Январские письма Чехова вообще очень сдержанны. Дело в том, что расстроилась давно ожидаемая поездка в Алжир. Он жил этим путешествием, едва приехал за границу. Ждал всю осень, упоминал грядущую перемену чуть ли не в каждом письме, потому что любил новые места, новые «резкие» впечатления. С начала декабря писал: «О поездке в Африку я мечтаю денно и нощно»; — «В Алжир поеду непременно — вероятно, в начале февраля, и буду Вам писать оттуда письма и, быть может, рассказы».
Чехов явно надеялся, как он говорил в таких случаях, «подсыпать под себя пороху». Он давно уже хотел поехать в Африку, в Тунис, в Египет. Потапенко запомнил одну случайную встречу. Они с Чеховым ехали из Москвы в Лопасню. Их соседом оказался какой-то помещик из Вологодской губернии. Он кашлял. Чехов признался, что он врач и расспросил попутчика о его болезни. Тот рассказал о недуге и перепробованных средствах. На все это будто бы Чехов сказал: «Все это пустое. Нужно бросить Вологодскую губернию, закатиться куда-нибудь под тропики и пожить там года два-три». На возражения и сомнения помещика, а как же семья, имение, Чехов якобы в шутку и всерьез посоветовал: «Семью прогоните, а имение продайте и поезжайте!
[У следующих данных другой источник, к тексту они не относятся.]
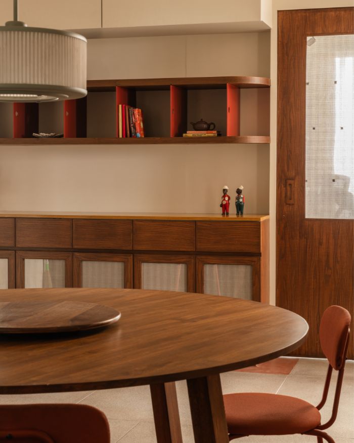 A peek at the dining space, set past the home’s central study. The sculpture is a Vyom Mehta creation, and the fabric in the cabinet shutters comes from the client’s collection; Photography by Harsheen Mengar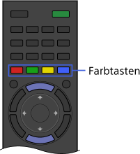 - In der Abbildung rechts sehen Sie ein Beispiel. Die Reihenfolge der Farbtasten hängt von der Region bzw. vom Land ab.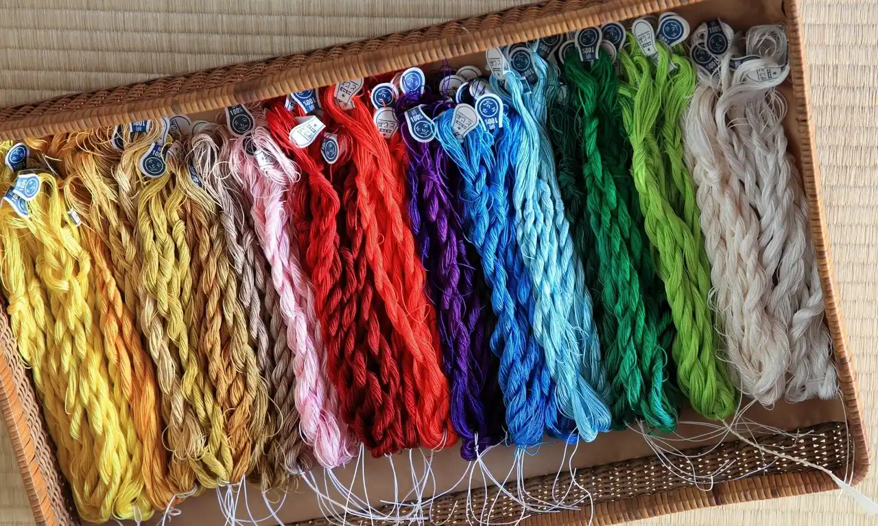 京都市下京区・松原通に店を構える明治4年創業の糸屋。豊富な色展開の絹糸や綿糸は、手芸愛好家からも厚い支持を集めています。 |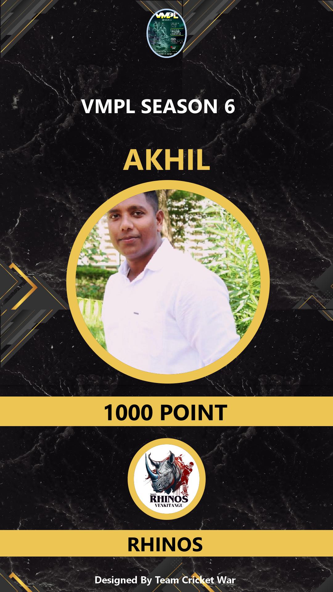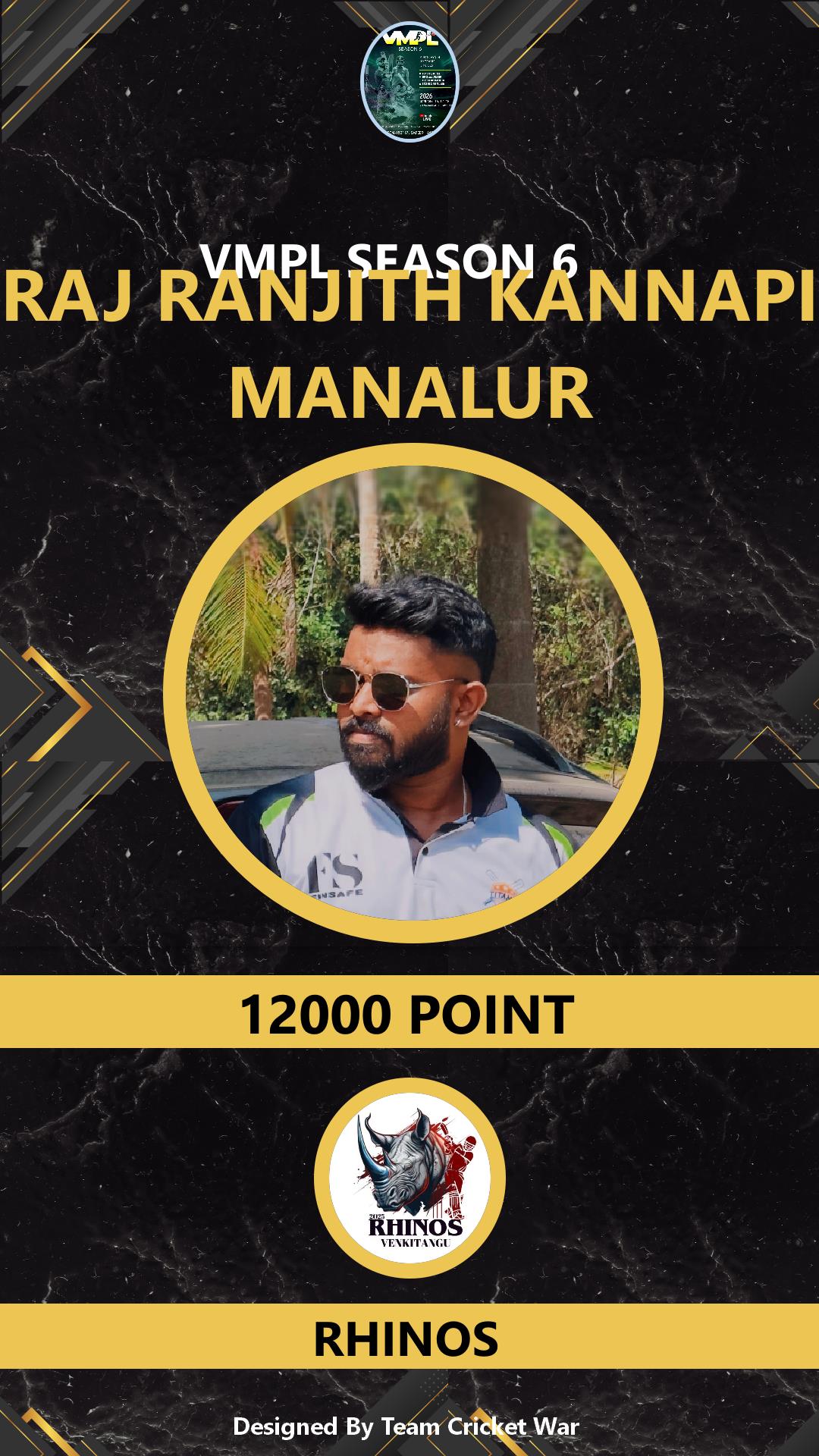 ALLROUNDER, AGE : 34 MANALUR Bid Amount : 12000 Team : RHINOS Download ID Card VIEW PROFILE |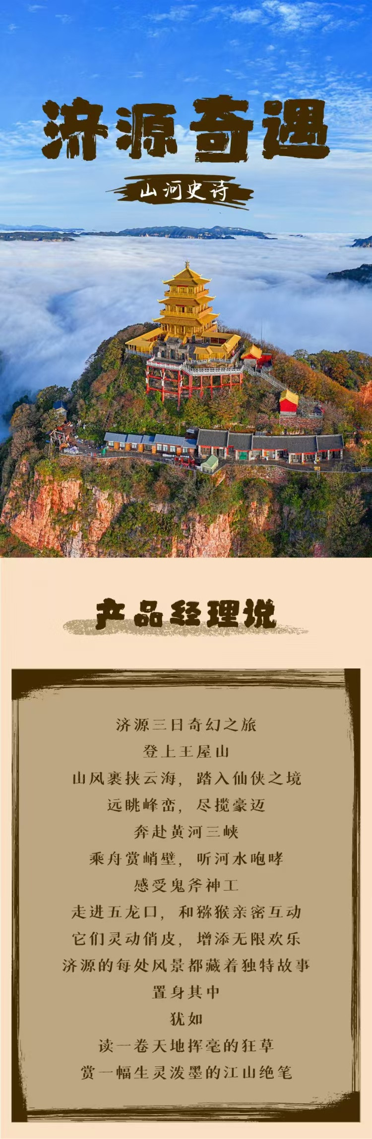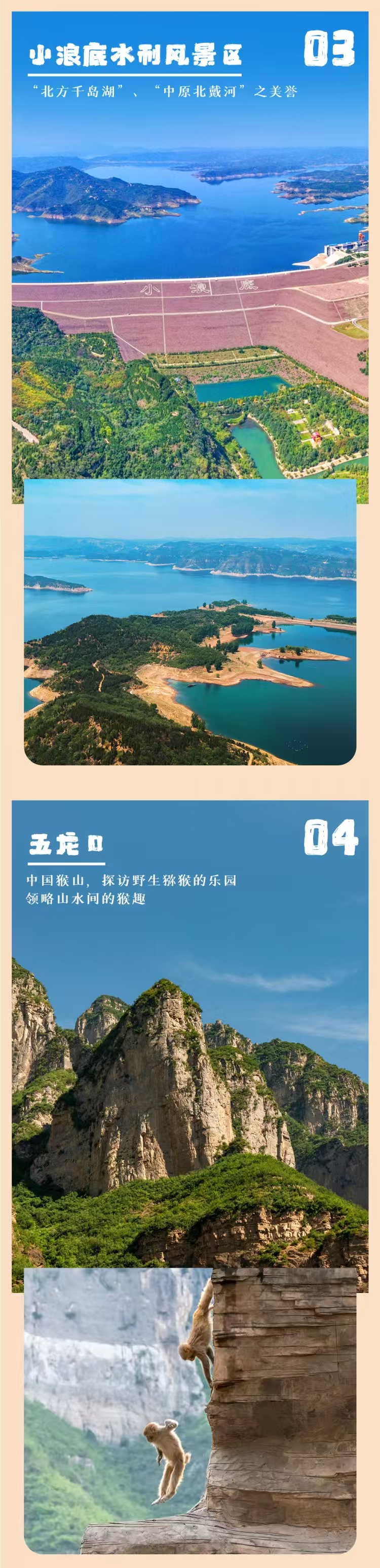 早餐后,前往“中国猴山”【五龙口】,原称秦渠枋口,因秦代在此开山凿渠,以枋木为闸而得名。这里沁河截山而出,两岸断壁如削,幽谷碧波荡漾,景色十分迷人。除此之外,这里还是猕猴自然保护区,野生猕猴的乐园。在这片绿意盎然的山林中,生活着3800多只活泼可爱的太行野生猕猴。它们在山间自由穿梭,与自然和谐共处。在这里,你还可以欣赏到猴子们精彩的表演,如骑自行车、打篮球等,让人捧腹大笑。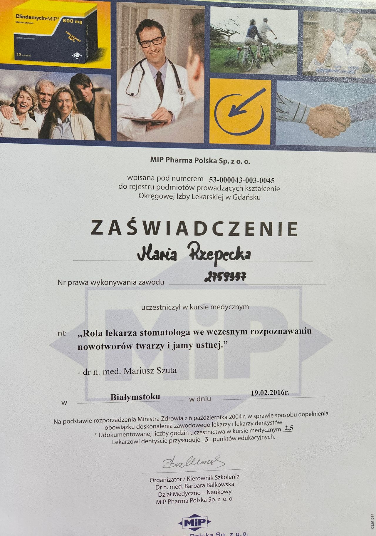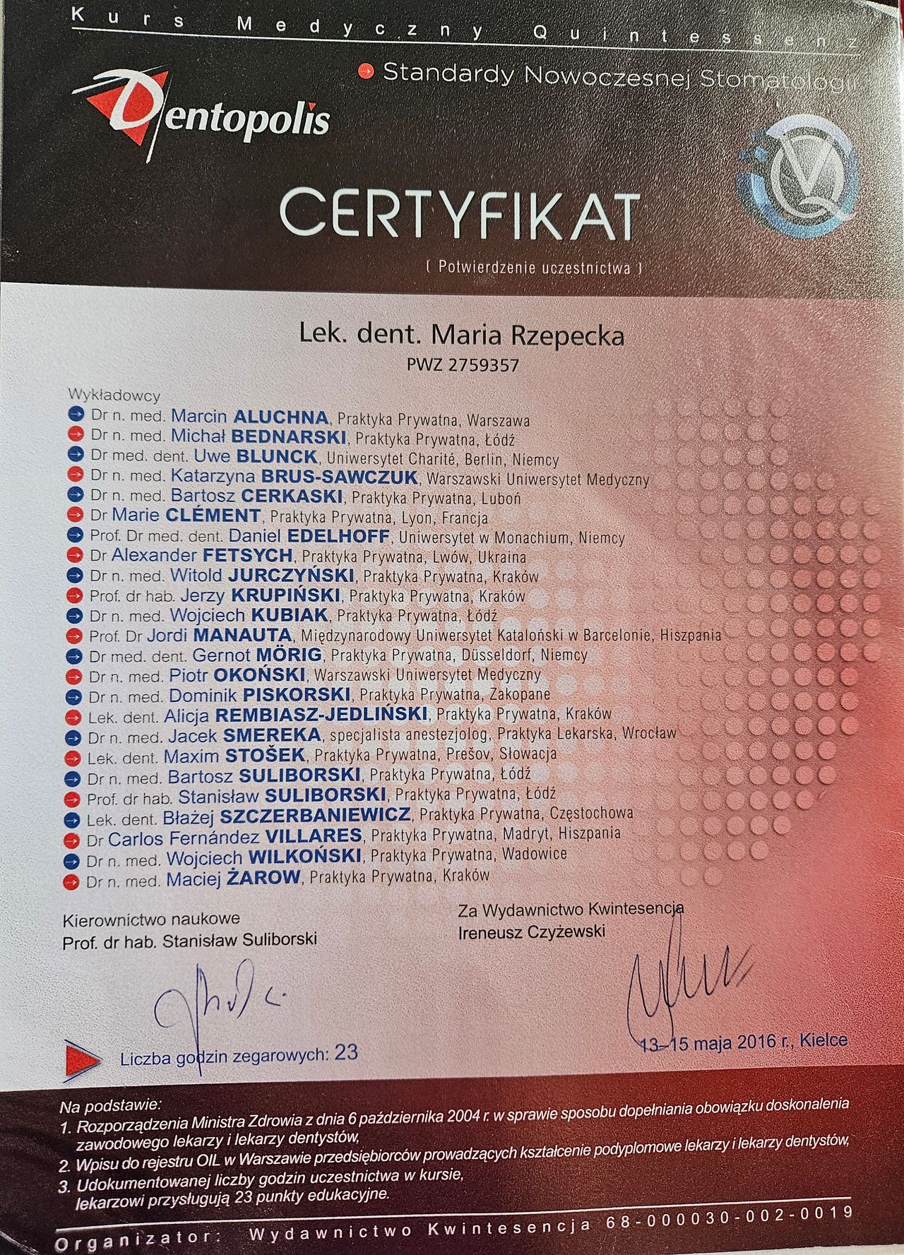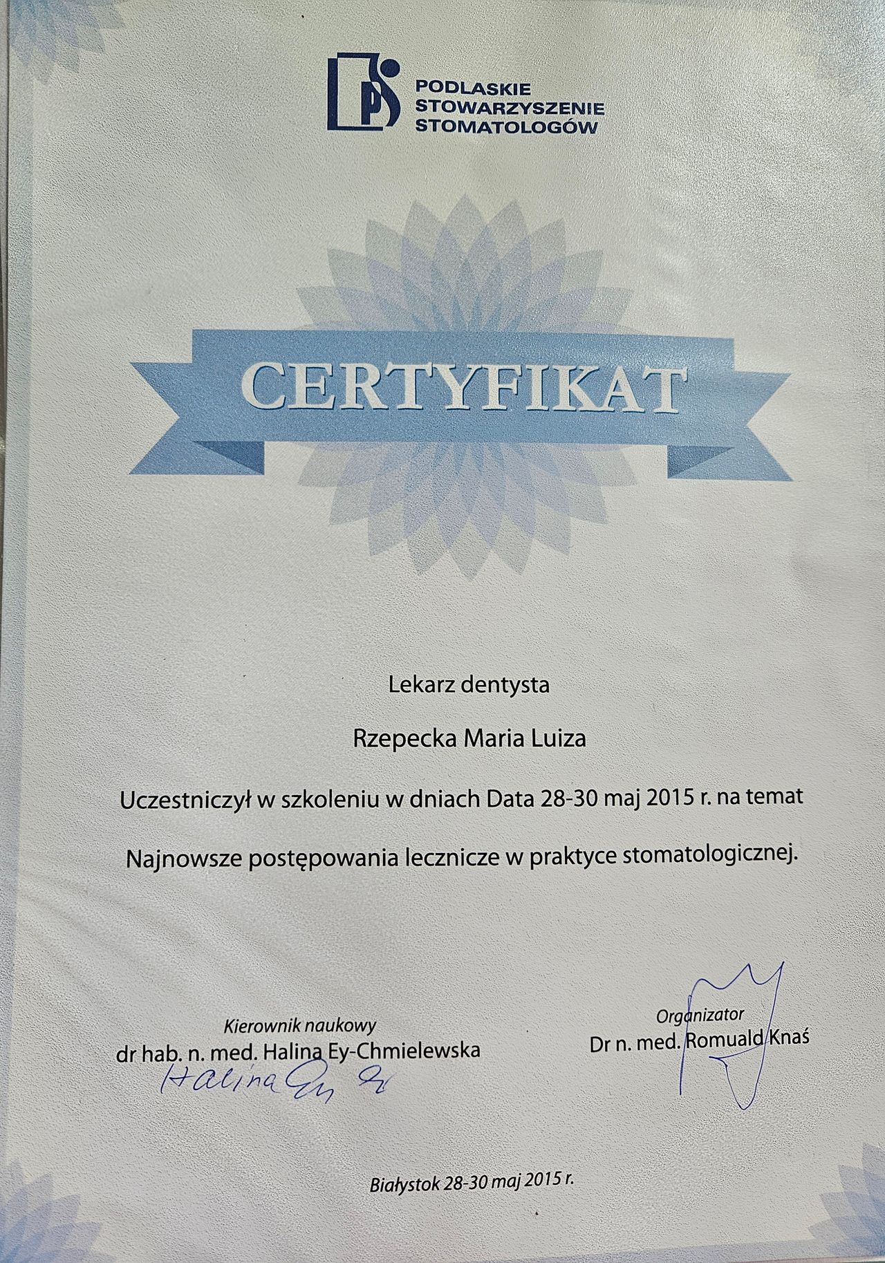 Jestem lekarzem dentystą, absolwentką Uniwersytetu Medycznego w Białymstoku w 2013 roku. Jestem także specjalistą zdrowia publicznego. Mam ponad 10 letnie doświadczenie w pracy jako stomatolog. W swojej pracy zajmuję się leczeniem zębów dorosłych, jak i dziecim.in.: - leczenie zachowawcze - stomatologia dziecięca - leczenie próchnicy - leczenie bólu, przy czym to praca z małymi pacjentami przynosi mi szczególnie dużo radości i satysfakcji.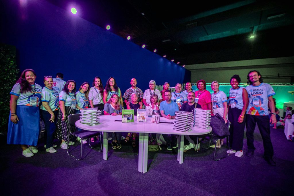 As argentinas Alejandra Dubovik e Alejandra Cippittelli e os espanhóis Isabel Abelleira, Ángeles Abelleira, Vicente Blanco e Salvador Cidrás lançaram obras da área de educação infantil na 3ª Bienal Internacional do Livro de Guarulhos nesta segunda-feira (18) e reuniram interessados na temática no lounge interativo do Espaço Inter.

Иначе ничего хорошего не выйдет». Сам он семью не прогнал, имение не продал и не то что на год-два, но даже на месяц, как мечтал, не поехал в Африку, не «закатился под тропики». Ковалевский вдруг написал из Парижа, что он сильно болел и сейчас не совсем здоров, посему путешествию, видимо, не бывать.
Чехов, конечно, не знал, что в декабре 1897 года Ковалевский делился своими сомнениями в письме Соболевскому: «У Чехова еще до моего отъезда из Болье показалась кровь. Слышу, что и теперь это бывает с ним по временам. Мне кажется, сам он не имеет представления об опасности своего положения, хотя, на мой взгляд, он типично чахоточный. Меня даже пугает мысль взять его с собою в Алжир. Что, как еще сильнее разболеется. Дайте совет, как быть!» Не исключено, что осторожный Соболевский посоветовал Ковалевскому отложить, а лучше всего отменить поездку в Алжир. Как бы то ни было, Максим Максимович написал, что из-за его хворей «путешествию, видимо, не состояться».